§ TASK ITEM
Beginning with the first line, retype exactly the records below up to and including the line with "2区では、その熊野東の竹下光珠が区間賞の活躍でトップに躍り出ます。"; pictures do not belong in the copy.

§ DATA FOR ANALYSIS
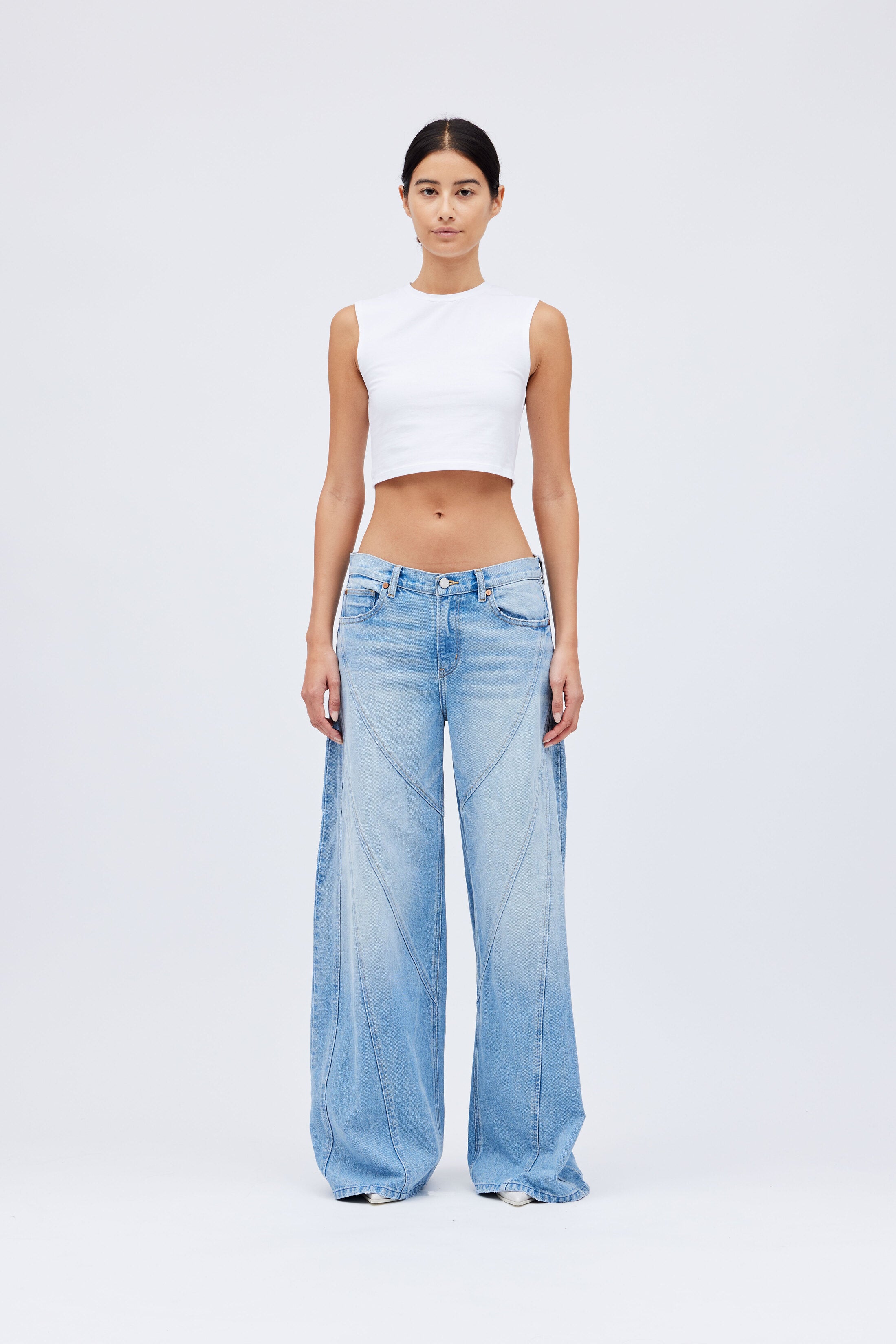 "Nolan" Mid Rise Low Slung Wide Leg W/Multi Seaming Detail in faded light-wash denim
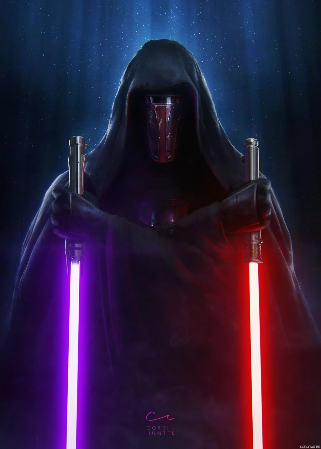 a hooded cloak and holding a red lightsaber, which are iconic elements associated with the Sith order in the Star Wars universe. The background gives a space-like ambiance with a starfield effect.
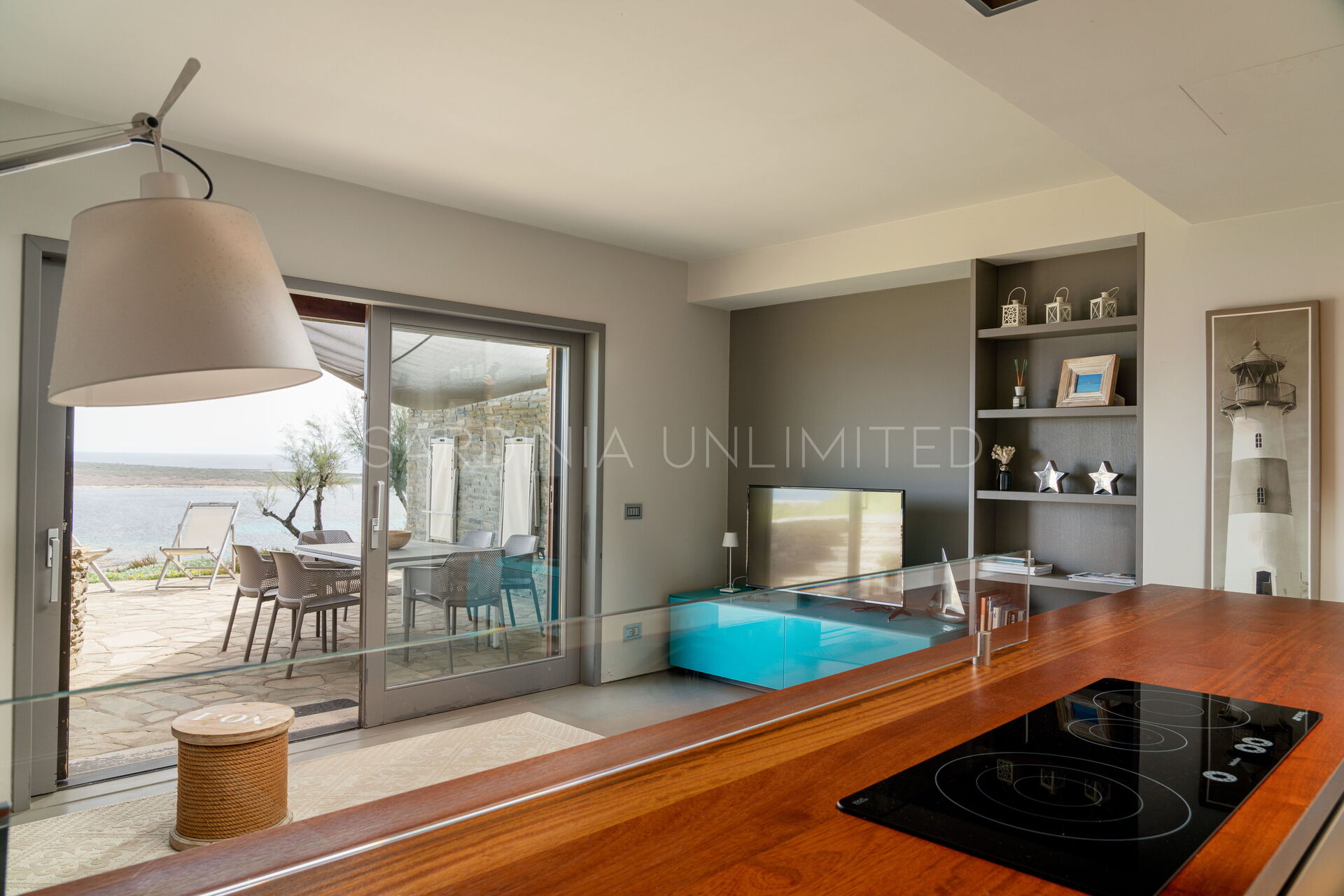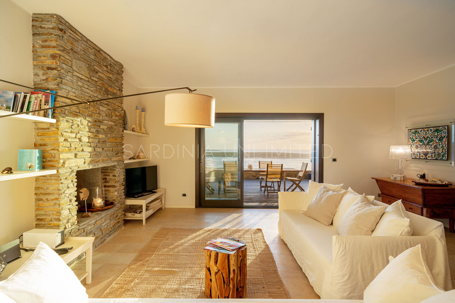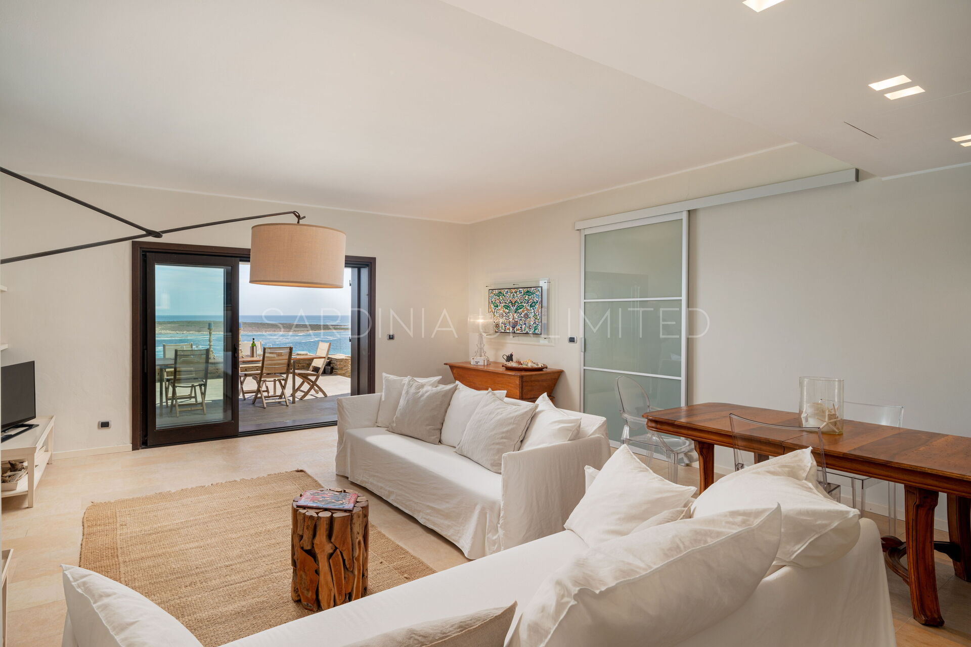 Dalla suggestiva terrazza, in cui è possibile pasteggiare ed ammirare la meravigliosa isola dell’Asinara, si accede all’interno della villa da un’ampia vetrata, che rende la zona living uno spazio gradevole esteticamente e luminoso.
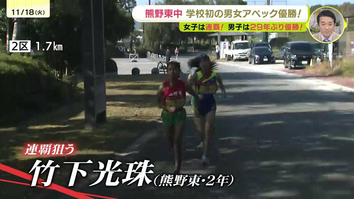 2区では、その熊野東の竹下光珠が区間賞の活躍でトップに躍り出ます。
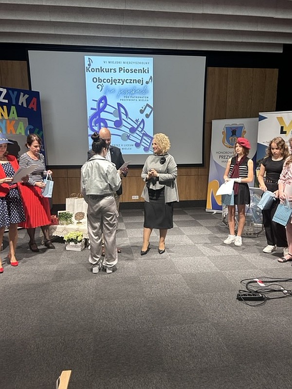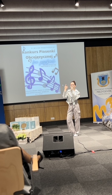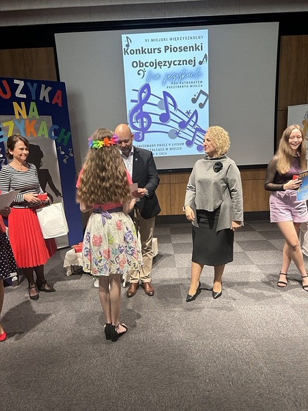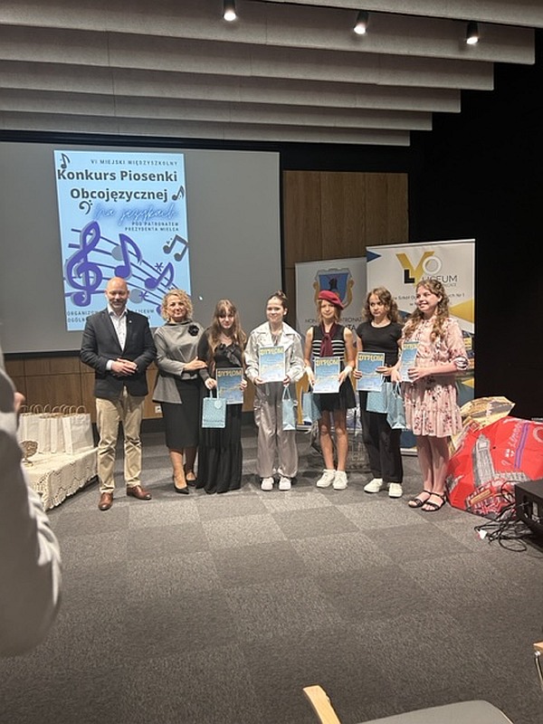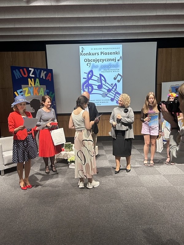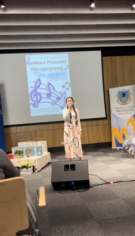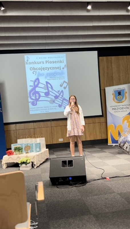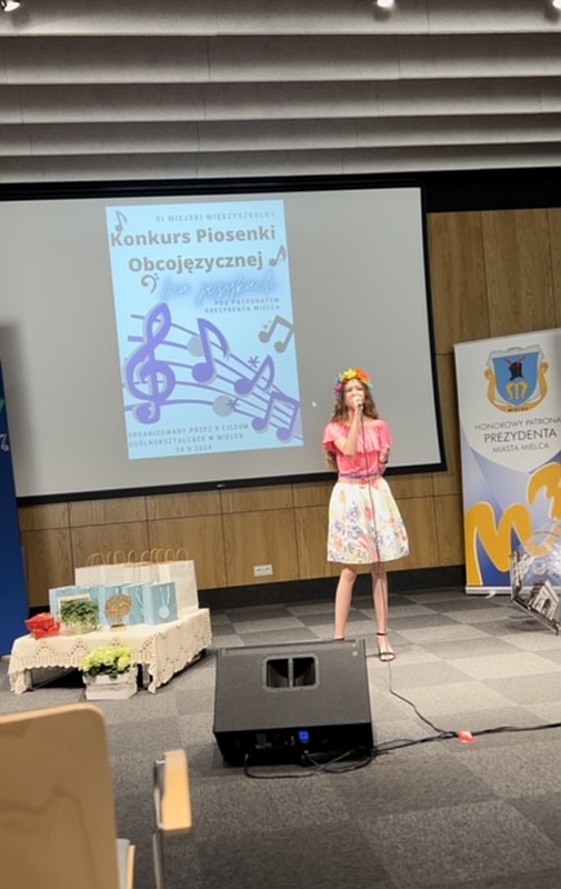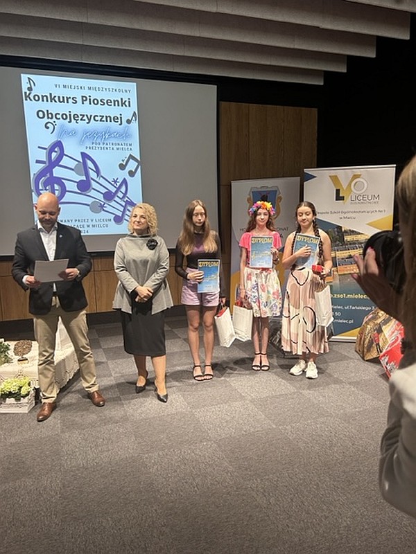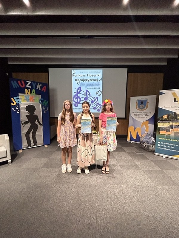 Dnia 24 maja 2024 uczennice naszej szkoły, Dominika Krupa z klasy 7C, Alicja Leżoń z klasy 7C, Nikola Korczak z klasy 6D oraz Julia Tomaszewska z klasy 6C pod opieką pani Klaudii Golby oraz pani Ewy Goli reprezentowały naszą szkołę w VI edycji Miejskiego Konkursu Piosenki Obcojęzycznej „Na językach” organizowanego przez Zespół Szkół Ogólnokształcących nr 1 w Mielcu. Po wysłuchaniu wspaniałych występów wszystkich uczestników, jury zdecydowało przyznać :

§ TASK SOLUTION
 "Nolan" Mid Rise Low Slung Wide Leg W/Multi Seaming Detail in faded light-wash denim
 a hooded cloak and holding a red lightsaber, which are iconic elements associated with the Sith order in the Star Wars universe. The background gives a space-like ambiance with a starfield effect.
 Dalla suggestiva terrazza, in cui è possibile pasteggiare ed ammirare la meravigliosa isola dell’Asinara, si accede all’interno della villa da un’ampia vetrata, che rende la zona living uno spazio gradevole esteticamente e luminoso.
 2区では、その熊野東の竹下光珠が区間賞の活躍でトップに躍り出ます。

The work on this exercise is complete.